Throughout my time at Duke, my commitment to developing and improving my own pedagogy has taken me out of the standard seminar room. Much of my teaching has been enriched by my experiences working one-on-one with students. Having worked in Duke’s Thompson Writing Studio, I learned first-hand the value of providing students a non-evaluative space to work on their own writing. As a mentor to student-athletes, I have worked closely with students to help them develop the broader academic skills – time management, goal-setting, study habits – that often are deprioritized in individual classrooms but are just as essential to student success, and I’ve integrated some of those strategies into the planning of my own classes. My experience completing the Certificate of College Teaching has given me a framework for bringing together my varied pedagogic experiences and strengths into my classroom, which was further augmented by the opportunities provided by the program to observe the classrooms of colleagues in other departments. As a Fellow of Duke’s Preparing Future Faculty program, I worked closely with a peer mentor at NC State to broaden my own pedagogic questions: how are decisions about teaching brought up and out to the broader faculty level? How do departmental decisions affect the ability for individual teachers to be successful? How can effective interdisciplinary teaching engage students across majors, and what does it look like? What does teaching look like now, as budgets tighten and hybrid online models must be developed and revised rapidly in response to student needs?
Each student brings their own perspective to everything we read and every moment of class; my students teach each other and learn from each other.
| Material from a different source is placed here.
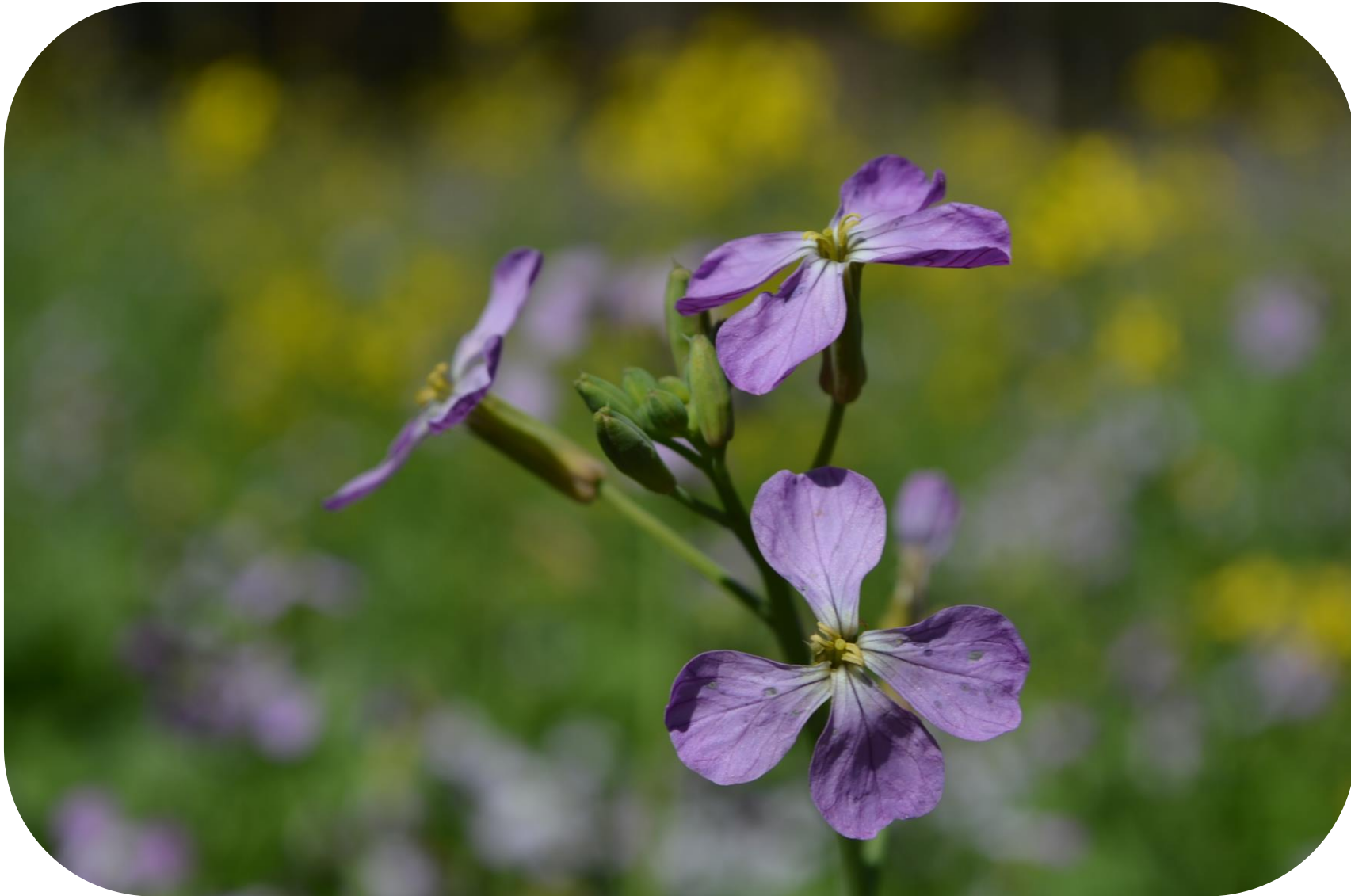
Raphanus sativus L. Rábano Ciclo anual o bianual

They lead high-level discussions of texts in my field of the Contemporary Anglophone novel. They talk to each other and think with each other about what it meant to live in a world full of other people. They investigate how literature might shape our ideas of the world, and how they each might present and write their own ideas to one another. As one student put it, “the most important thing I learned from this class was how to find relationships between things that I normally would think have no connection,” and that this challenge was in fact “refreshing.” As I’ve said, students are the most important people in the classroom because at its core, teaching is a fundamentally ethical act, a collision between people that, when done right, results in all of the perspectives in the classroom – including my own – becoming more informed, more thoughtful, and more nuanced in what they know and how they know the world. I agree, I find that refreshing as well.